Content starts

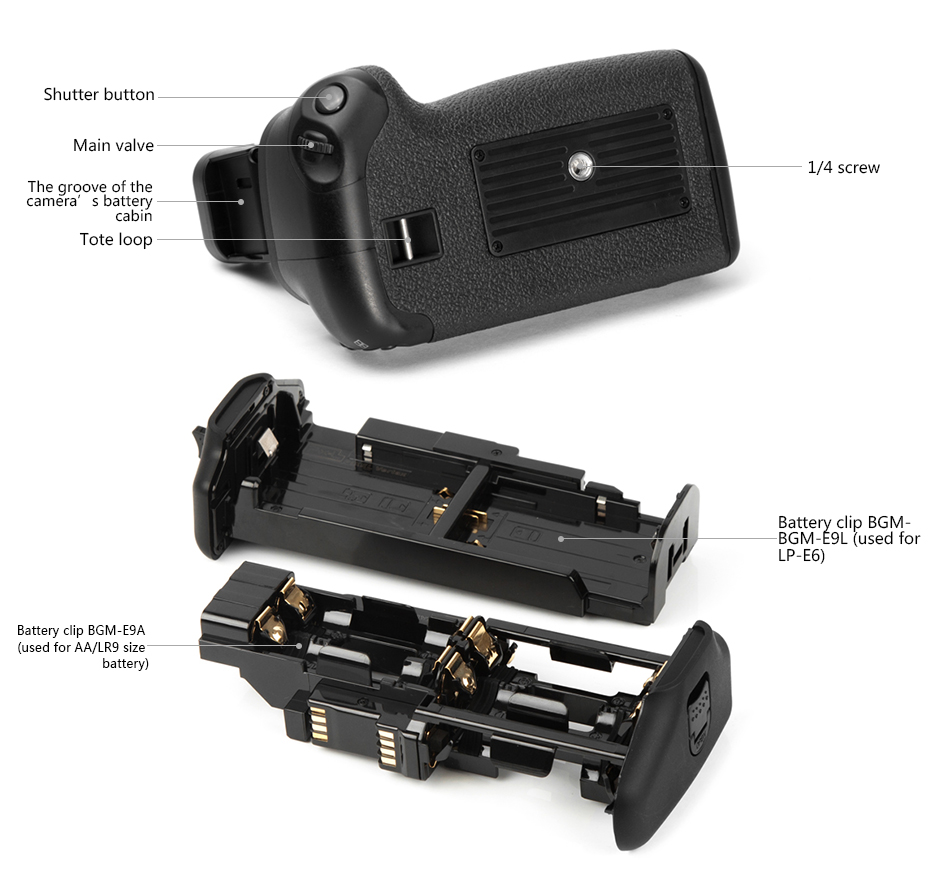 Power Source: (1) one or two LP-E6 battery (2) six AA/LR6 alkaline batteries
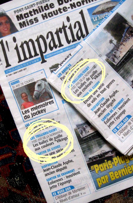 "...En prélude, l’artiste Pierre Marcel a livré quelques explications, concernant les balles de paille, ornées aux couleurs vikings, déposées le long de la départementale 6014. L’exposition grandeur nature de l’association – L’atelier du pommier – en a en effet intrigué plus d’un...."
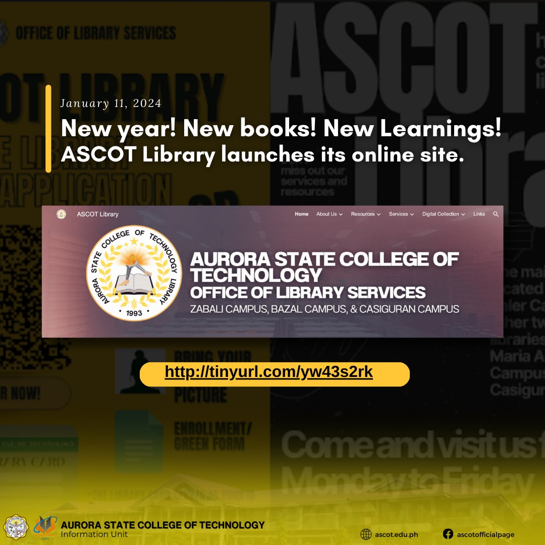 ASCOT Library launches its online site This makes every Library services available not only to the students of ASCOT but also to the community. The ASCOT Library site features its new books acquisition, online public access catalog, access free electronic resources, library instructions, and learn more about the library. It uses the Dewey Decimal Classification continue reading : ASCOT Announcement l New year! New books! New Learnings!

Content ends

* _Description of the task_: Could you write out the whole listing exactly, dropping the pictures?

* _Result below_:
 Power Source: (1) one or two LP-E6 battery (2) six AA/LR6 alkaline batteries
 "...En prélude, l’artiste Pierre Marcel a livré quelques explications, concernant les balles de paille, ornées aux couleurs vikings, déposées le long de la départementale 6014. L’exposition grandeur nature de l’association – L’atelier du pommier – en a en effet intrigué plus d’un...."
 ASCOT Library launches its online site This makes every Library services available not only to the students of ASCOT but also to the community. The ASCOT Library site features its new books acquisition, online public access catalog, access free electronic resources, library instructions, and learn more about the library. It uses the Dewey Decimal Classification continue reading : ASCOT Announcement l New year! New books! New Learnings!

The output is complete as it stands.